=== Exercise data ===
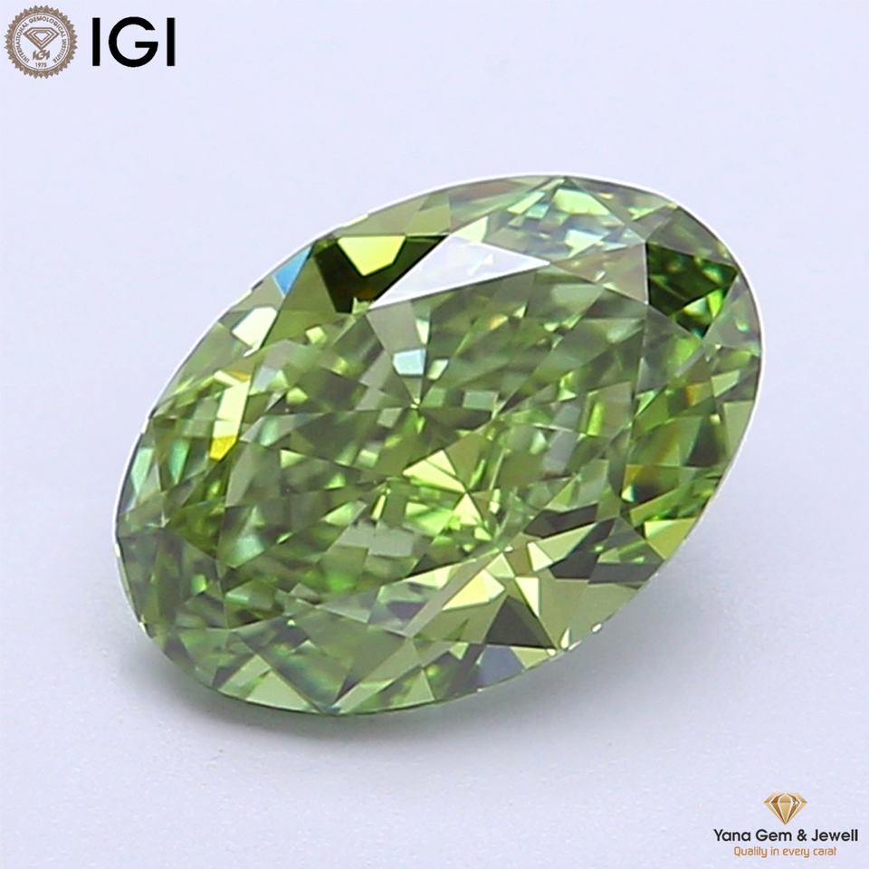 Número de Modelo:Oval CVD 3.00 CT. Fancy Vivid Green-VVS2
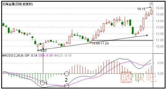 5、MACD第一次在0軸線之下金叉,股指,股價會有一定的漲幅,第二次在0軸線以上二次金叉,股指,股價漲幅會比前一次更大。
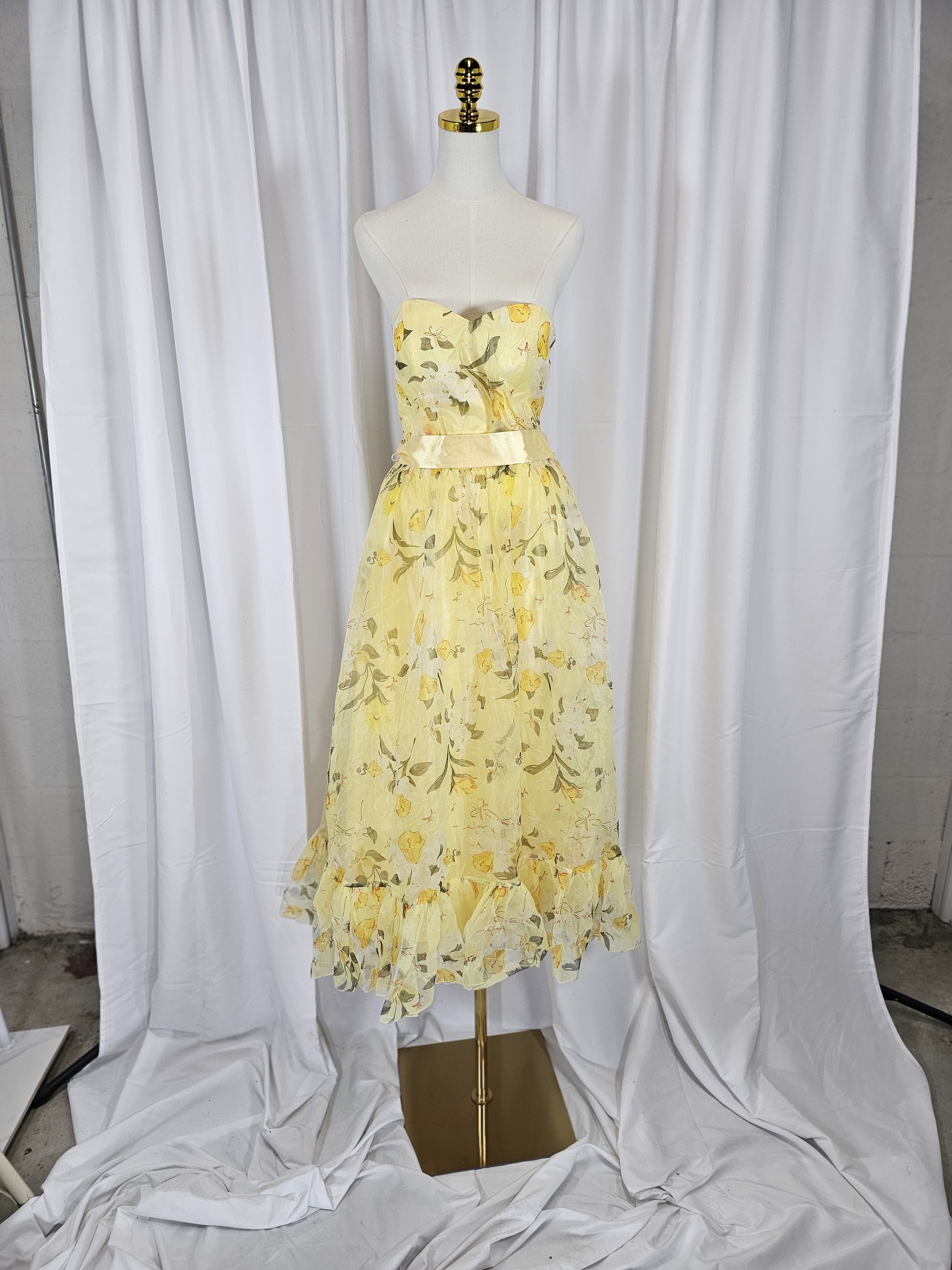 Step into a field of floral dreams with our Sunshine Serenade Midi Dress! This enchanting yellow number is not just a dress; it's a statement piece that says, 'I absolutely deserve a picnic with freshly-squeezed lemonade.' Featuring a stunning strapless design and a delightful ruffled hem that flutters like your excitement on a Friday night, you'll feel like a walking bouquet. Perfect for brunching with friends or that outdoor wedding you tried to steal the spotlight from. Pair it with your favorite sandals and a sunhat, and watch heads turn faster than a sunflower in full bloom. Warning: wearing this dress may cause an increase in daydreams and spontaneous dance breaks.
===
Only the lines from the top of the material through the line containing "5、MACD第一次在0軸線之" should be written out, exactly and without pictures.

 Número de Modelo:Oval CVD 3.00 CT. Fancy Vivid Green-VVS2
 5、MACD第一次在0軸線之下金叉,股指,股價會有一定的漲幅,第二次在0軸線以上二次金叉,股指,股價漲幅會比前一次更大。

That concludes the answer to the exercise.